Entrevistas

Fray Abel de Jesús: «Va a haber un resurgir en la Iglesia»

Abel Hernández Llanos es un joven tinerfeño (Los Realejos), de 28 años. El día de su profesión religiosa en la Orden de los Carmelitas Descalzos se convirtió en fray Abel de Jesús, OCD, y descubrió la llamada a una misión especial. 

Hoy, tiene un canal de YouTube que alcanza casi 20.000 suscriptores y crece exponencialmente. Además, siembra una fecunda semilla por medio de las redes sociales. Por otro lado, le encanta pintar y suele expresar de esa manera su fe y su devoción. Y, por si fuera poco, acaba de publicar un libro llamado Internet y vida contemplativa. Cómo hacer que tu espiritualidad sobreviva en la era digital, con PPC.

Toda esta labor le ha llevado a aparecer en diversos medios de comunicación tradicionales, como La Razón, quien lo ha denominado “el pensador millennial  más potente del hecho religioso en nuestro país”. Jóvenes Católicos también ha tenido acceso a este testimonio, en una entrevista personal con Fray Abel:

¿Cómo se te ocurrió transmitir tu fe a través de las redes, a través de internet?

En realidad, no fue una cosa que se me ocurriera, sino que yo lo sentí como una vocación. Me parece importante. Fue el día de mi profesión religiosa que yo experimenté, de alguna manera y contra todos mis planes, que el Señor me llamaba a evangelizar en YouTube. Fue una llamada bastante concreta y así la experimenté en aquel momento, a pesar de que por aquel entonces no solía usar las redes. De hecho, vivía prácticamente en la abstinencia digital desde que entré a la orden. Y eso, a pesar de que tenía ciertos estudios de Comunicación, hechos cuando yo estuve en el seminario diocesano, donde pasé casi cinco cursos. 

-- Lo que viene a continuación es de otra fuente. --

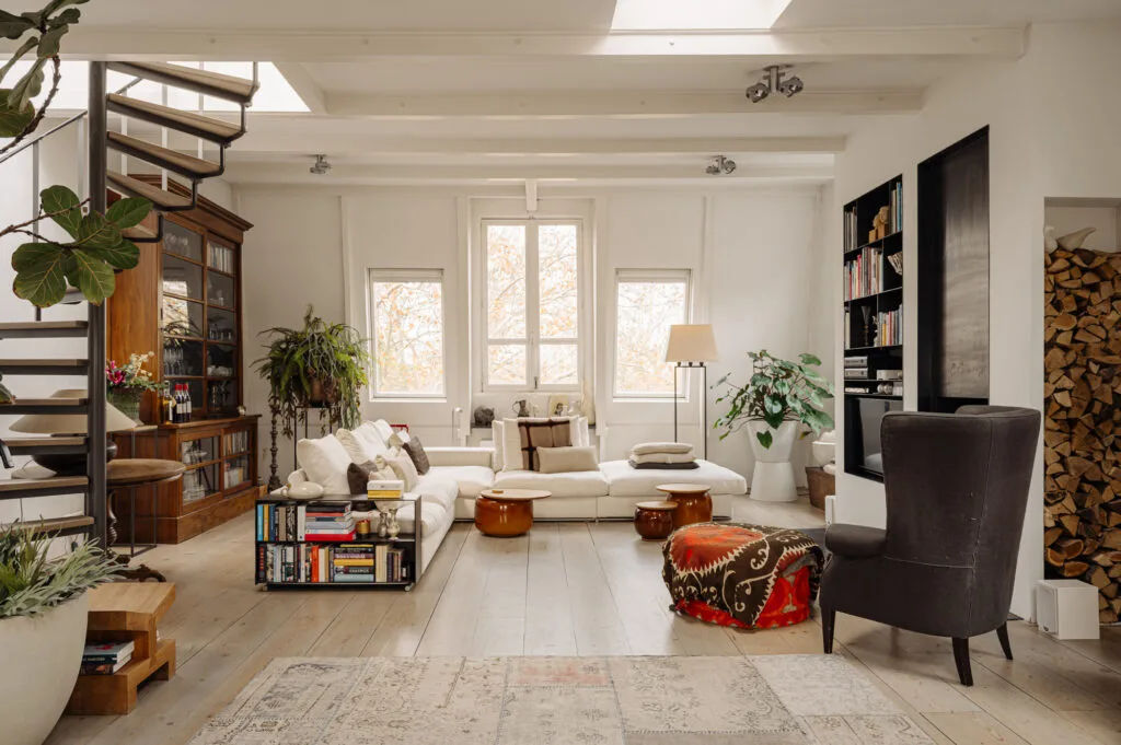 On the dining side, there is ample space for a large dining table. Thanks to the natural light and views of the inner gardens, this area feels spacious and serene. The sitting area at the front is comfortably arranged around an open fireplace, offering more than enough space for a large sofa and additional armchairs. The wooden floor, the colour palette and the ceiling with exposed beams together create a warm and tranquil atmosphere.

Tenía gran interés por los medios de comunicación, pero también había renunciado a ello, por así decirlo. En virtud de mi vocación contemplativa. Sin embargo, ese día experimenté que el Señor me llamaba; y, cuando el Señor llama, ¡casi no hay nada que hacer! Uno tiene que lanzarse a la misión que el Señor le pide. En ese momento, lo que hice fue comenzar un discernimiento con los superiores, con los acompañantes… que terminó con la apertura del canal de YouTube.

Háblame del proceso de preparación, tanto técnico como personal.

Mira, fue bastante rápido. Estuve en torno a un mes formándome. O un mes y medio. Porque tenía bastante olvidadas ciertas nociones básicas de comunicación y de técnica audiovisual. Yo había usado Premiere y Photoshop, pero llevaba tiempo sin utilizarlos, por lo cual mis conocimientos estaban bastante empolvados y hubo que desempolvarlos, ¿no? Entonces, me harté de ver tutoriales, vídeos y estudiar cómo funcionaba la propia plataforma de YouTube. Así fue que el día de Santa Teresa del año 2019 empezó esta aventura.

¿Esperabas el resultado que estás teniendo?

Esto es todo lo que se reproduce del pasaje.